What needs to be done —
Omitting all pictures, print the lines of the listing from the one containing "4,5 χιλιοστών, άριστης ποιότητας." through the final line, both ends included, with no other text.

*** Collected material ***

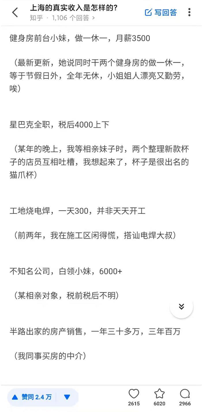 一位知乎用户曾根据身边人的真实经历,整理出了一张“上海各行各业真实税前收入表”:
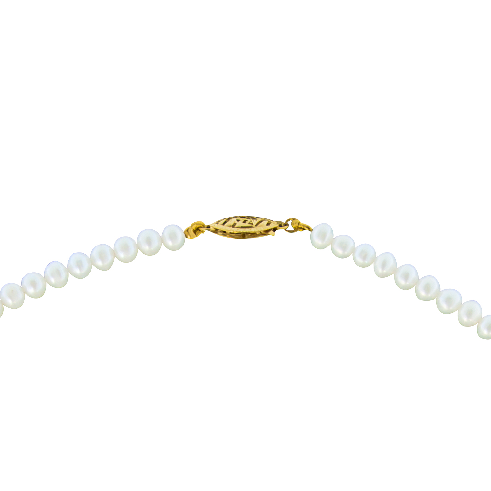 • Ένα υπέροχο κολιέ απο λευκά μαργαριτάρια γλυκού νερού Fresh Water Pearl διαμέτρου 4 - 4,5 χιλιοστών, άριστης ποιότητας.
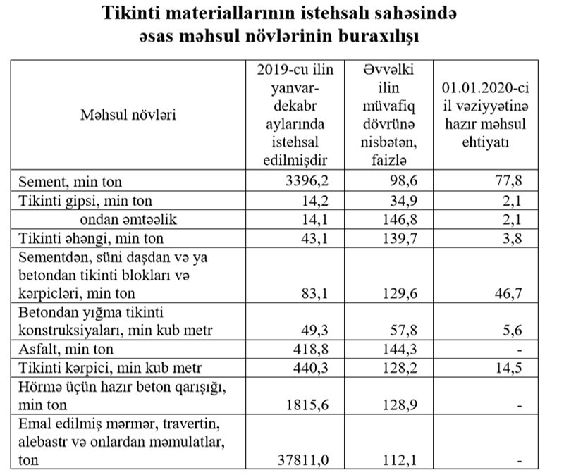 Hesabatda qeyd edilib ki, tikinti materiallarının istehsalı sahəsində fəaliyyət göstərən müəssisələr tərəfindən istehsal edilmiş məhsulun ümumi dəyəri 5 faiz artaraq 771,7 milyon manat təşkil etmişdir. Tikinti əhənginin istehsalı 39,7 faiz, hörmə üçün hazır beton qarışığının istehsalı 28,9 faiz, tikinti kərpicinin istehsalı 28,2 faiz artmış, betondan yığma tikinti konstruksiyalarının istehsalı 42,2 faiz, tikinti gipsinin istehsalı 65,1 faiz azalmışdır.
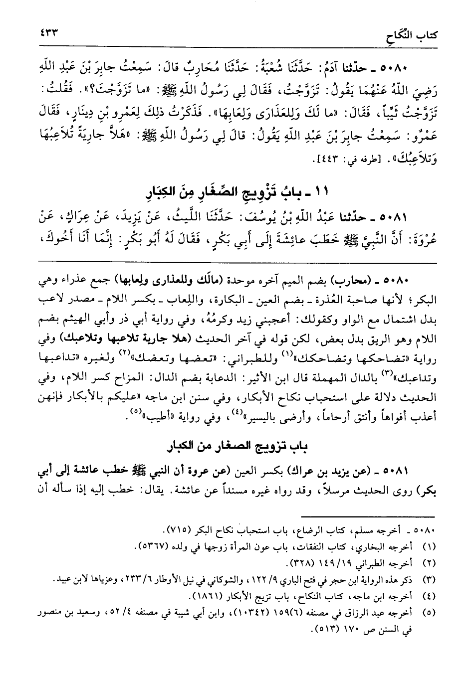 5080 - (محارب) بضم الميم آخره موحدة (ما لَك وللعذارى ولِعابها) جمع عذراء وهي البكر؛ لأنها صاحبة العُذرة -بضم العين- البكارة، واللِعاب -بكسر اللام- مصدر لاعب بدل اشتمال مع الواو وكقولك: أعجبني زيد وكرمُهُ، وفي رواية أبي ذر وأبي الهيثم بضم اللام وهو الريق بدل بعض، لكن قوله في آخر الحديث (هلا جارية تلاعبها وتلاعبك) وفي رواية "تضاحكها وتضاحكك" وللطبراني: "تعضها وتعضك" ولغيره "تداعبها وتداعبك" بالدال المهملة قال ابن الأثير: الدعابة بضم الدال: المزاح كسر اللام، وفي الحديث دلالة على استحباب نكاح الأبكار، وفي سنن ابن ماجه "عليكم بالأبكار فإنهن أعذب أفواهًا وأنتق أرحامًا، وأرضى باليسير"، وفي رواية "أطيب".

*** End of Collected material ***

Written answer —
 • Ένα υπέροχο κολιέ απο λευκά μαργαριτάρια γλυκού νερού Fresh Water Pearl διαμέτρου 4 - 4,5 χιλιοστών, άριστης ποιότητας.
 Hesabatda qeyd edilib ki, tikinti materiallarının istehsalı sahəsində fəaliyyət göstərən müəssisələr tərəfindən istehsal edilmiş məhsulun ümumi dəyəri 5 faiz artaraq 771,7 milyon manat təşkil etmişdir. Tikinti əhənginin istehsalı 39,7 faiz, hörmə üçün hazır beton qarışığının istehsalı 28,9 faiz, tikinti kərpicinin istehsalı 28,2 faiz artmış, betondan yığma tikinti konstruksiyalarının istehsalı 42,2 faiz, tikinti gipsinin istehsalı 65,1 faiz azalmışdır.
 5080 - (محارب) بضم الميم آخره موحدة (ما لَك وللعذارى ولِعابها) جمع عذراء وهي البكر؛ لأنها صاحبة العُذرة -بضم العين- البكارة، واللِعاب -بكسر اللام- مصدر لاعب بدل اشتمال مع الواو وكقولك: أعجبني زيد وكرمُهُ، وفي رواية أبي ذر وأبي الهيثم بضم اللام وهو الريق بدل بعض، لكن قوله في آخر الحديث (هلا جارية تلاعبها وتلاعبك) وفي رواية "تضاحكها وتضاحكك" وللطبراني: "تعضها وتعضك" ولغيره "تداعبها وتداعبك" بالدال المهملة قال ابن الأثير: الدعابة بضم الدال: المزاح كسر اللام، وفي الحديث دلالة على استحباب نكاح الأبكار، وفي سنن ابن ماجه "عليكم بالأبكار فإنهن أعذب أفواهًا وأنتق أرحامًا، وأرضى باليسير"، وفي رواية "أطيب".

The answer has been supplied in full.